Details of enabling Intel® Neural Compressor on Transformer_LT_mlperf for Tensorflow.

This is a tutorial of how to enable Transformer_LT_mlperf model with Intel® Neural Compressor.

User Code Analysis

  1. User specifies fp32 model, calibration dataset q_dataloader, evaluation dataset eval_dataloader and metric.

  2. User specifies fp32 model, calibration dataset q_dataloader and a custom eval_func which encapsulates the evaluation dataset and metric by itself.
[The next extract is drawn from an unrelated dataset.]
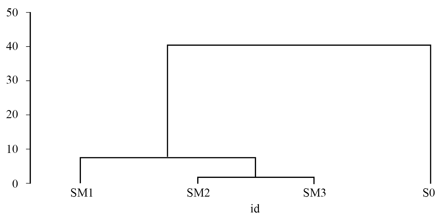 Los ejemplares se agruparon de la siguiente manera: SM1, ejemplares de estrato bajo; SM2, ejemplares de estrato medio; SM3, ejemplares de estrato alto y SO, S. oligocephala planta testigo.

For Transformer_LT_mlperf, we applied the latter one because we don't have dataset and metric for Transformer_LT_mlperf. The task is to implement the q_dataloader and eval_func.

q_dataloader Part Adaption

Below dataset class uses getitem to provide the model with input.

class Dataset(object):
    def __init__(self, *args):
        # initialize dataset related info here
        ...

    def __getitem__(self, index):
        return self.lines[index], 0

    def __len__(self):
        return len(self.lines)

Evaluation Part Adaption

We evaluate the model with BLEU score, its source: https://github.com/IntelAI/models/blob/master/models/language_translation/tensorflow/transformer_mlperf/inference/fp32/transformer/compute_bleu.py

Quantization Config

The Quantization Config class has default parameters setting for running on Intel CPUs. If running this example on Intel GPUs, the 'backend' parameter should be set to 'itex' and the 'device' parameter should be set to 'gpu'.
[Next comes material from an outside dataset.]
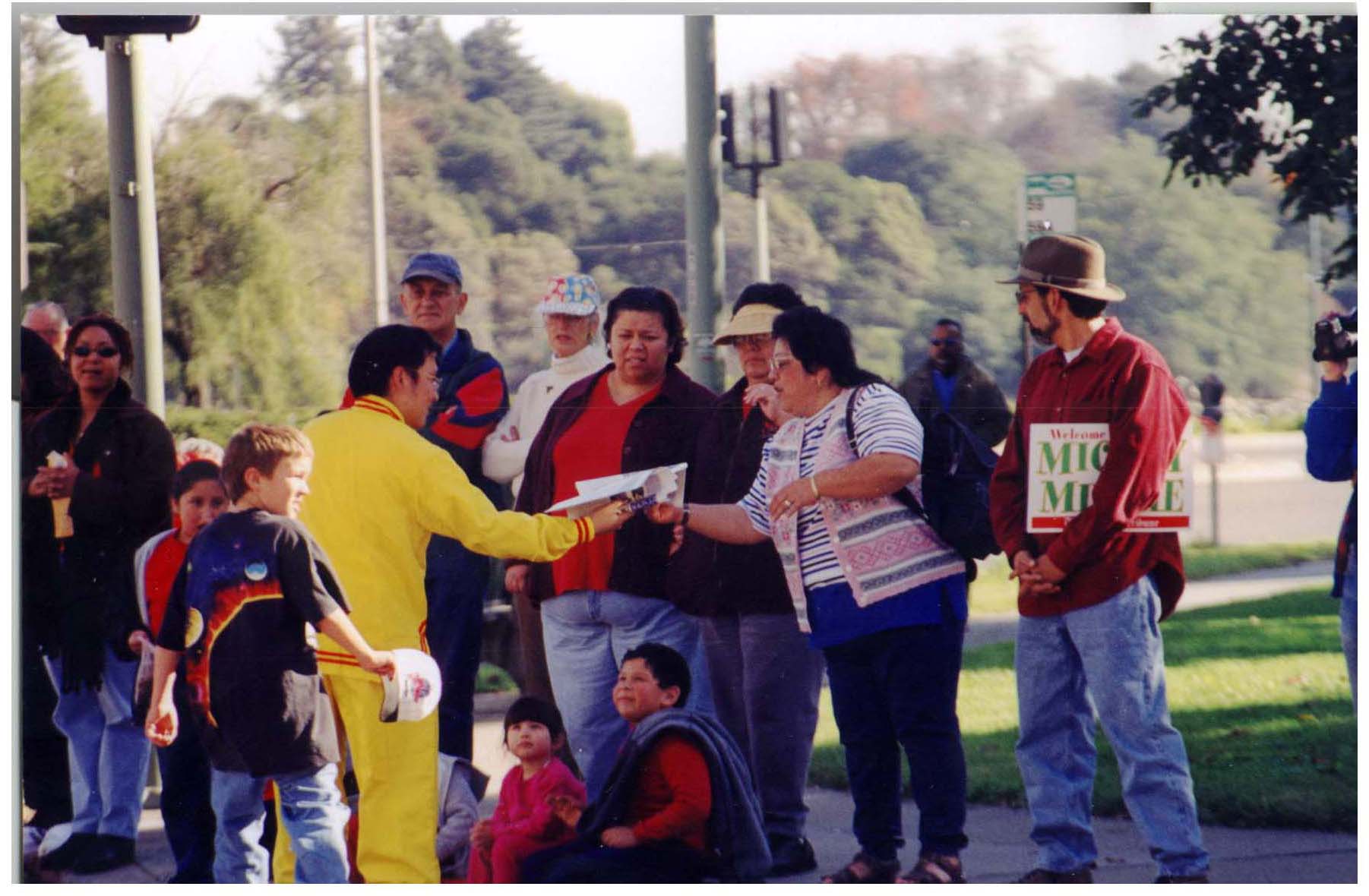 与此同时,旧金山中国城附近的说明真相活动也不曾放松,在学员们无私的付出和不懈努力下,一个月前受中国政府欺骗而在花园角制造事端的那几位老侨胞在面对学员们的善意问候时也不再恶言相对。

config = PostTrainingQuantConfig(
    device="gpu",
    backend="itex",
    inputs=['input_tokens'],
    outputs=['model/Transformer/strided_slice_15'],
    ...
    )

Here we set the input tensor and output tensors name into inputs and outputs args. In this case we calibrate and quantize the model, and use our calibration dataloader initialized from a 'Dataset' object.

Code update

After prepare step is done, we add tune code to generate quantized model.

Tune

    graph = load_graph(FLAGS.input_graph)
    from neural_compressor import quantization
    from neural_compressor.config import PostTrainingQuantConfig
    from neural_compressor.data import DataLoader
    dataset = Dataset(FLAGS.input_file, FLAGS.vocab_file)
    calib_dataloader = DataLoader(dataset = dataset,
                                  framework ='tensorflow',
                                  collate_fn = collate_fn,
                                  batch_size = FLAGS.batch_size)

    conf = PostTrainingQuantConfig(inputs=['input_tokens'],
                                   outputs=['model/Transformer/strided_slice_15'],
                                   calibration_sampling_size=[500])
    q_model = quantization.fit(graph, conf=conf, calib_dataloader=calib_dataloader,
                eval_func=eval_func)
    try:
        q_model.save(FLAGS.output_model)
    except Exception as e:
        tf.compat.v1.logging.error("Failed to save model due to {}".format(str(e)))

Benchmark

    from neural_compressor.benchmark import fit
    from neural_compressor.config import BenchmarkConfig
    if FLAGS.mode == 'performance':
        fit(graph, conf=BenchmarkConfig(), b_func=eval_func)
    elif FLAGS.mode == 'accuracy':
        eval_func(graph)

The Intel® Neural Compressor quantization.fit() function will return a best quantized model under time constraint.